> ACTION ITEM:
Filter the material below down to the lines with the word "there" and give those lines.

> STORED DATA:
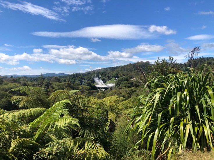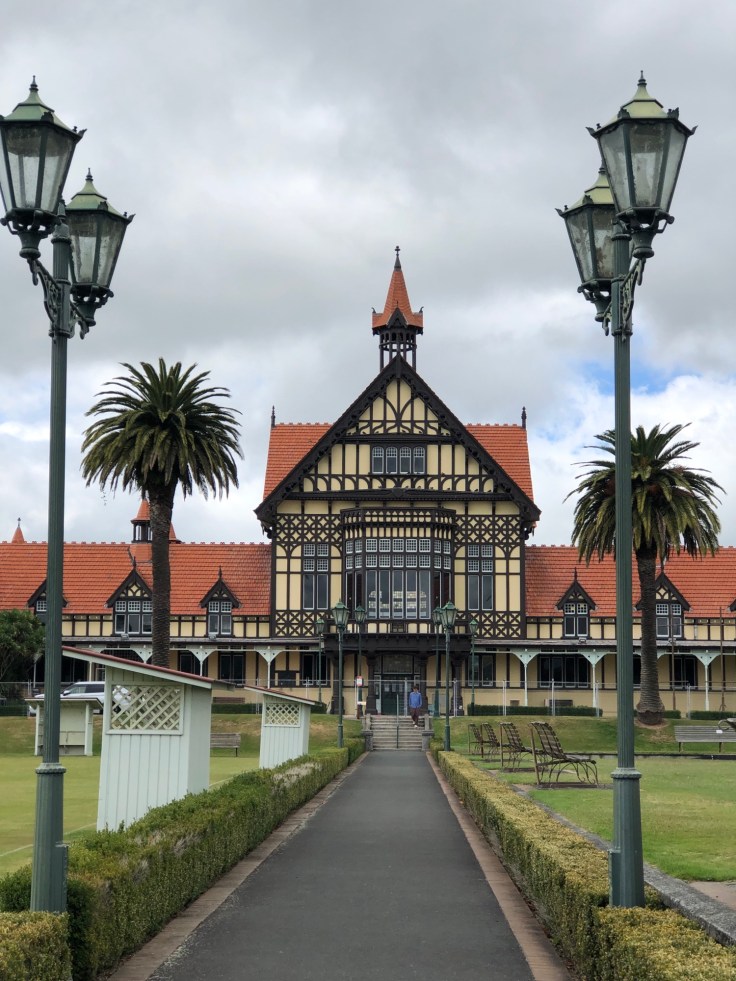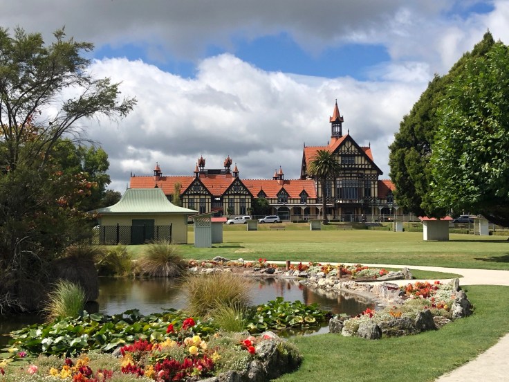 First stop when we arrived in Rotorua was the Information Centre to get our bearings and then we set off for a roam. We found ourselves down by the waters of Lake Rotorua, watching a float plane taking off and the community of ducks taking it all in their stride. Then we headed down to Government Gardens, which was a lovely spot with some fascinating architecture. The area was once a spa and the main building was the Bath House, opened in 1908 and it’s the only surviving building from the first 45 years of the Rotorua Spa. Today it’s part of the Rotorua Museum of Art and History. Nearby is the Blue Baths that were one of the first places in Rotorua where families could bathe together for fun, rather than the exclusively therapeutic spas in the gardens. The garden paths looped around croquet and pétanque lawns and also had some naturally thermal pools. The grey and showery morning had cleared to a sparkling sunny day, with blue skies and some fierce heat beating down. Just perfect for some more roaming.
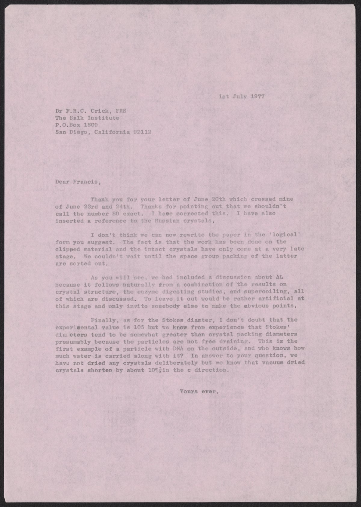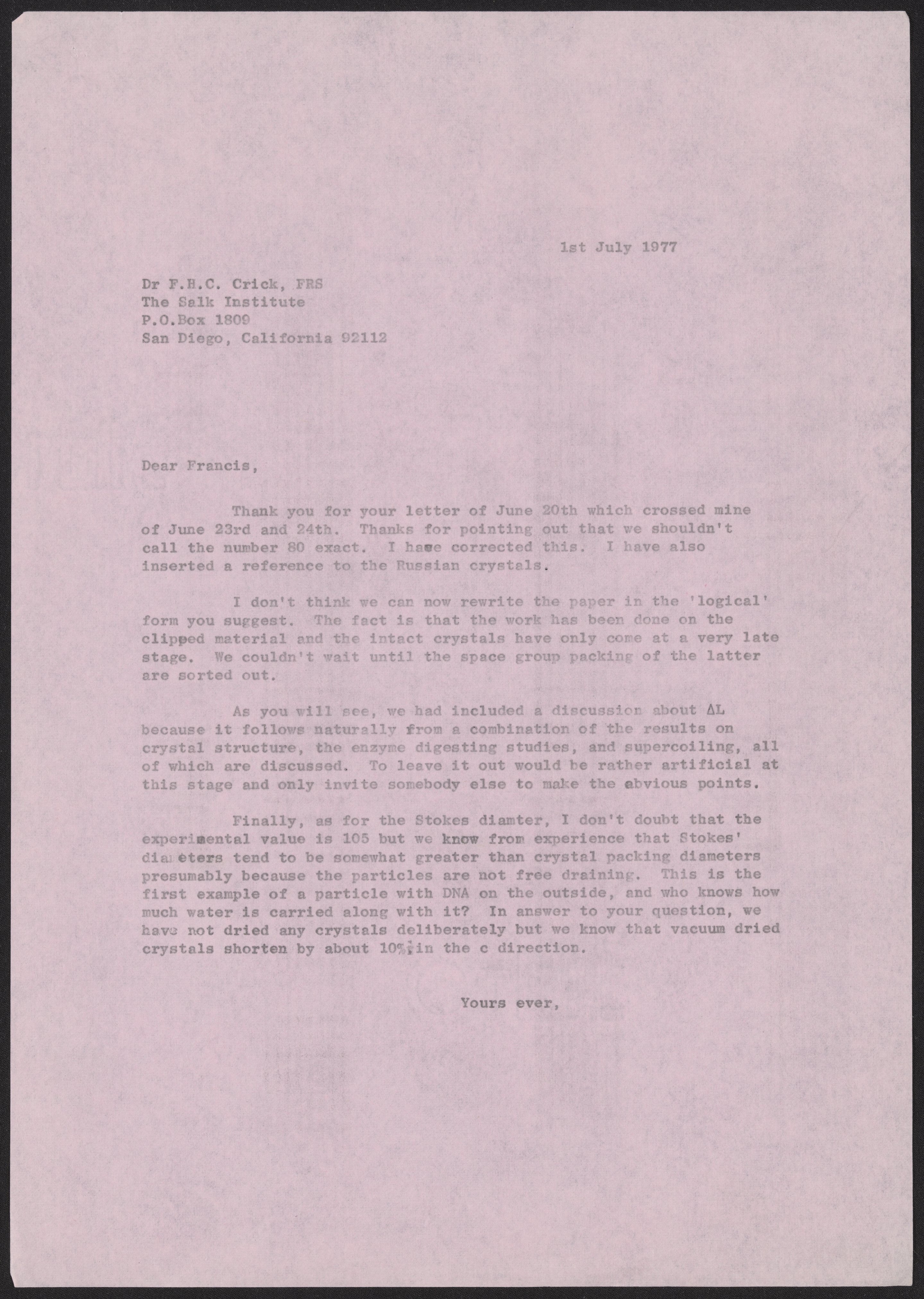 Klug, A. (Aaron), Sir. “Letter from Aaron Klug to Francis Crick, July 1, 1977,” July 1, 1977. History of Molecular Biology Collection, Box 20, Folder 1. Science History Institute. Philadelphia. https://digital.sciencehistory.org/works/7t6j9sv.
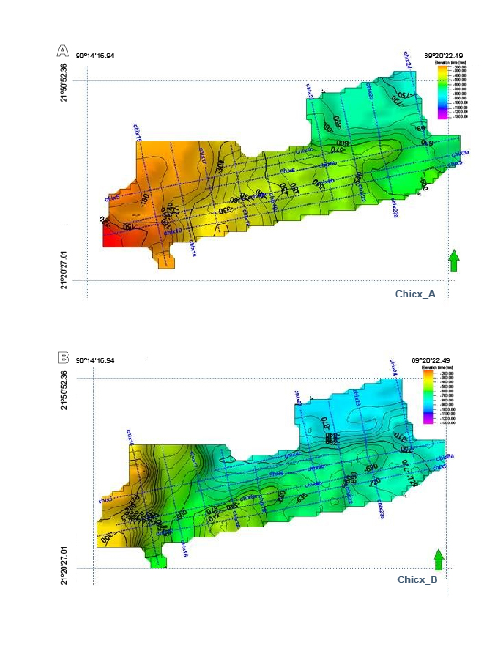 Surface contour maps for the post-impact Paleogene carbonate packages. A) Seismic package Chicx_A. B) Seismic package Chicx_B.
* * *
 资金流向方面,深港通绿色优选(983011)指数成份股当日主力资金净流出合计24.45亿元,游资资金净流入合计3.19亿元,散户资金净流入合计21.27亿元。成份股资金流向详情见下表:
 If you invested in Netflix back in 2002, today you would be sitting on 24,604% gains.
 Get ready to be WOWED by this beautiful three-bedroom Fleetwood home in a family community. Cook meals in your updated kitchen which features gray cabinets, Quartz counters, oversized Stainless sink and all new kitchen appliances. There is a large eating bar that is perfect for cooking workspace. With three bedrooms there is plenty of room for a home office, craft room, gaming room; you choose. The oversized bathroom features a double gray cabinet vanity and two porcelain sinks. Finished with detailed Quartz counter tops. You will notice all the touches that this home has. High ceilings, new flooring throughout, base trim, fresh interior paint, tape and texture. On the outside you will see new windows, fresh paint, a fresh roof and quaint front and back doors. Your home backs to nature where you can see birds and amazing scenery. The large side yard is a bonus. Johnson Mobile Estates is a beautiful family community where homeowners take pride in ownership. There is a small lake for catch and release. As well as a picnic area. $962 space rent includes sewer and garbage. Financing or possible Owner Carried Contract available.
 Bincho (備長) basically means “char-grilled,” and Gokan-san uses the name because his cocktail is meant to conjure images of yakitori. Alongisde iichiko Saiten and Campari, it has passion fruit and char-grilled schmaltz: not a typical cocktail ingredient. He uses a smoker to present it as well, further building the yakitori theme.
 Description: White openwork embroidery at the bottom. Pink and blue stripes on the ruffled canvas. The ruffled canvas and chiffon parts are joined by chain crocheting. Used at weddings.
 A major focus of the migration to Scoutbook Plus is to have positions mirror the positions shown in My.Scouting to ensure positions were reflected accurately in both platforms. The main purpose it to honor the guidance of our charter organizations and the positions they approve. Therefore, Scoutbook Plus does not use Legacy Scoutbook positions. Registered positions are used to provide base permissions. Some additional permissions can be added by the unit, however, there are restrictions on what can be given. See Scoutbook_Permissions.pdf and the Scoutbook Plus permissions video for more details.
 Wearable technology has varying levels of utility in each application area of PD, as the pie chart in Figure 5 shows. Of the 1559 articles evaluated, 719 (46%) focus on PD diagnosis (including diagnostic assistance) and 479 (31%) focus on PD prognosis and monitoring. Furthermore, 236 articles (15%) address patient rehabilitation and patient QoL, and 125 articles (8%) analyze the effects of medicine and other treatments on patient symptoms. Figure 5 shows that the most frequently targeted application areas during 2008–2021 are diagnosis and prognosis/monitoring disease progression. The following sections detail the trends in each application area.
==
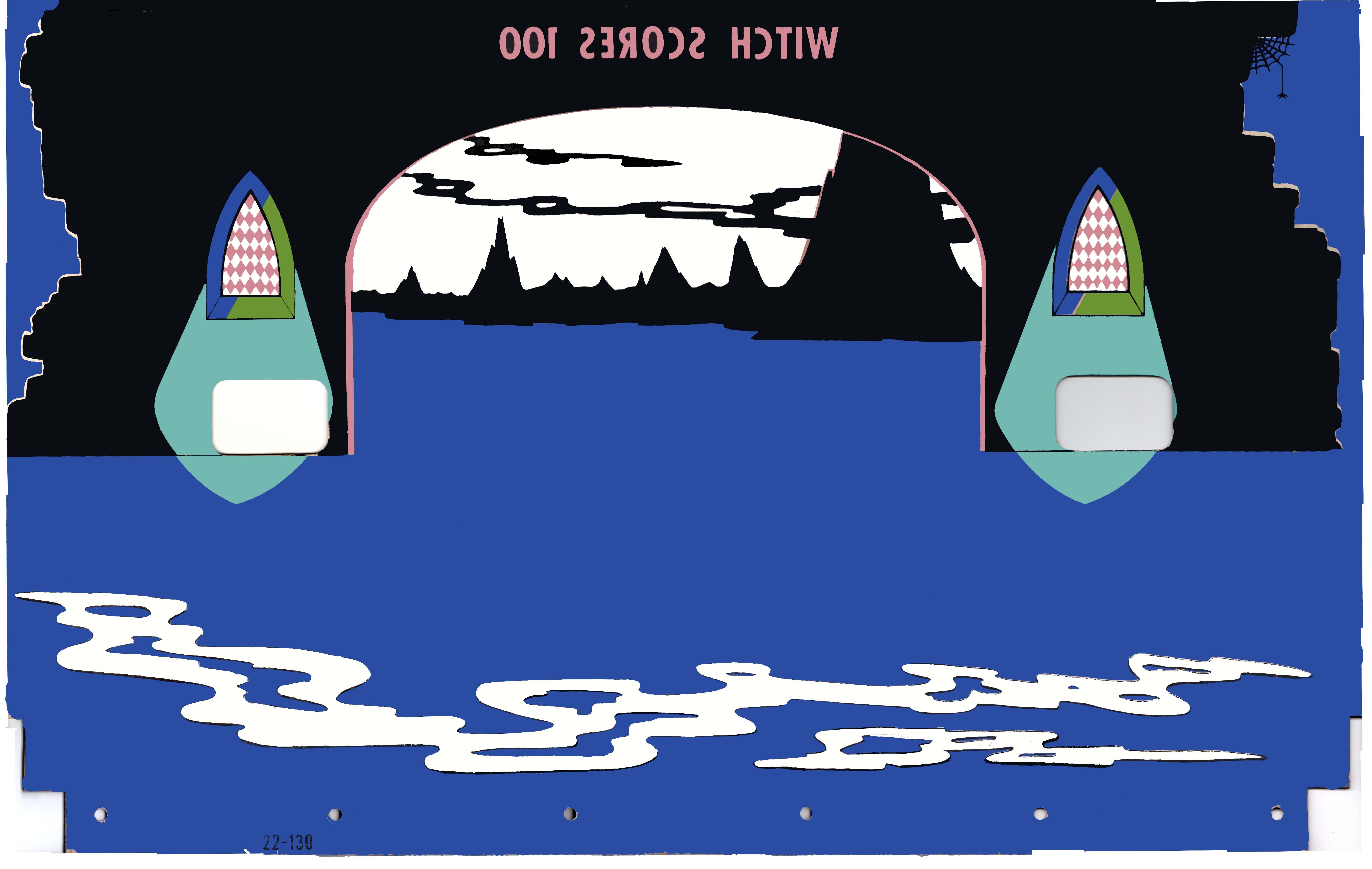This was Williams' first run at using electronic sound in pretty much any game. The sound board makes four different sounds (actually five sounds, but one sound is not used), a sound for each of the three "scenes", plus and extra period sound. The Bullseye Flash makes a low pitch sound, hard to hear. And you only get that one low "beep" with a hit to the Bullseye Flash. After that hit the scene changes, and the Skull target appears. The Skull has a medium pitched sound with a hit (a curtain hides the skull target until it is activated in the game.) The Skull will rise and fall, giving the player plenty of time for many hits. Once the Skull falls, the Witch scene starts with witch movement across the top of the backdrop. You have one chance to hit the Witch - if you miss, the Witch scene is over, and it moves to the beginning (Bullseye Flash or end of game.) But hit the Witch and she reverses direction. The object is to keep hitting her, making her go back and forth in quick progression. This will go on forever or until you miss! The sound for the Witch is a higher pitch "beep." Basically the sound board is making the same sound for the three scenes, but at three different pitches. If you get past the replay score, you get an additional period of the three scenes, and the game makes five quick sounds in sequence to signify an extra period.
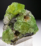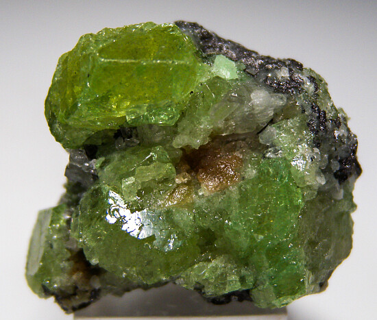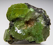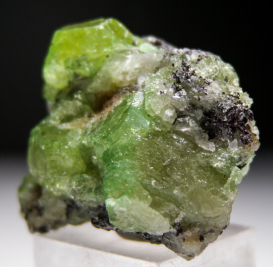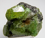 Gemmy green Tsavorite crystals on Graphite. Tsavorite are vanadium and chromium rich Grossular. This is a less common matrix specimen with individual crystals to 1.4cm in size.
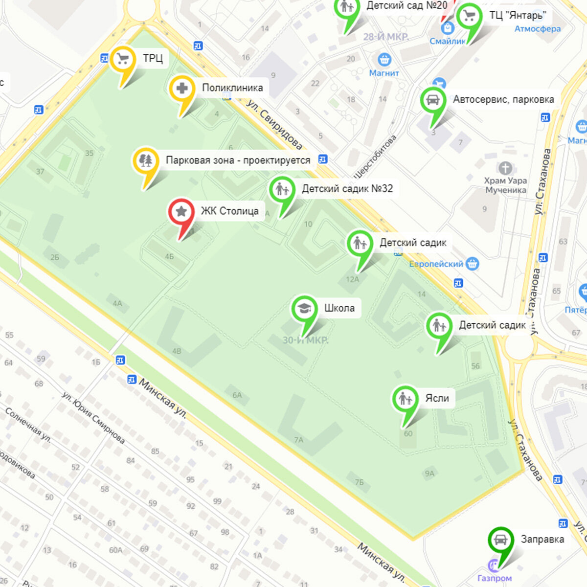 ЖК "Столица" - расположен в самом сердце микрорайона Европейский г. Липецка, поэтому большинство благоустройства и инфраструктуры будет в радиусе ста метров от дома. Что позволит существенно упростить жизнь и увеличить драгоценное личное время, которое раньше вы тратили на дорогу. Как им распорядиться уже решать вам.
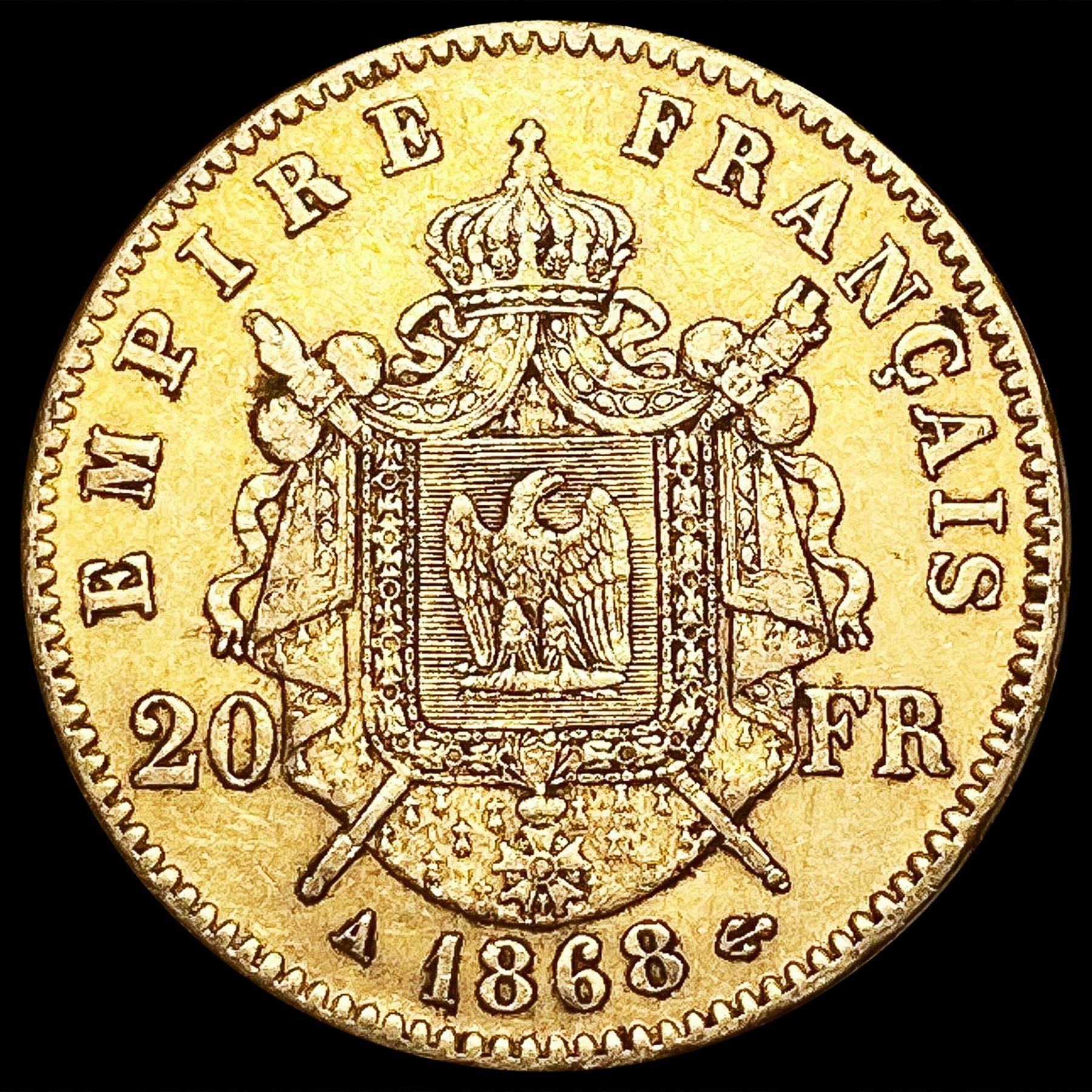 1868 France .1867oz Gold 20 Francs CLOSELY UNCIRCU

> WRITTEN RESPONSE:
 Get ready to be WOWED by this beautiful three-bedroom Fleetwood home in a family community. Cook meals in your updated kitchen which features gray cabinets, Quartz counters, oversized Stainless sink and all new kitchen appliances. There is a large eating bar that is perfect for cooking workspace. With three bedrooms there is plenty of room for a home office, craft room, gaming room; you choose. The oversized bathroom features a double gray cabinet vanity and two porcelain sinks. Finished with detailed Quartz counter tops. You will notice all the touches that this home has. High ceilings, new flooring throughout, base trim, fresh interior paint, tape and texture. On the outside you will see new windows, fresh paint, a fresh roof and quaint front and back doors. Your home backs to nature where you can see birds and amazing scenery. The large side yard is a bonus. Johnson Mobile Estates is a beautiful family community where homeowners take pride in ownership. There is a small lake for catch and release. As well as a picnic area. $962 space rent includes sewer and garbage. Financing or possible Owner Carried Contract available.
 A major focus of the migration to Scoutbook Plus is to have positions mirror the positions shown in My.Scouting to ensure positions were reflected accurately in both platforms. The main purpose it to honor the guidance of our charter organizations and the positions they approve. Therefore, Scoutbook Plus does not use Legacy Scoutbook positions. Registered positions are used to provide base permissions. Some additional permissions can be added by the unit, however, there are restrictions on what can be given. See Scoutbook_Permissions.pdf and the Scoutbook Plus permissions video for more details.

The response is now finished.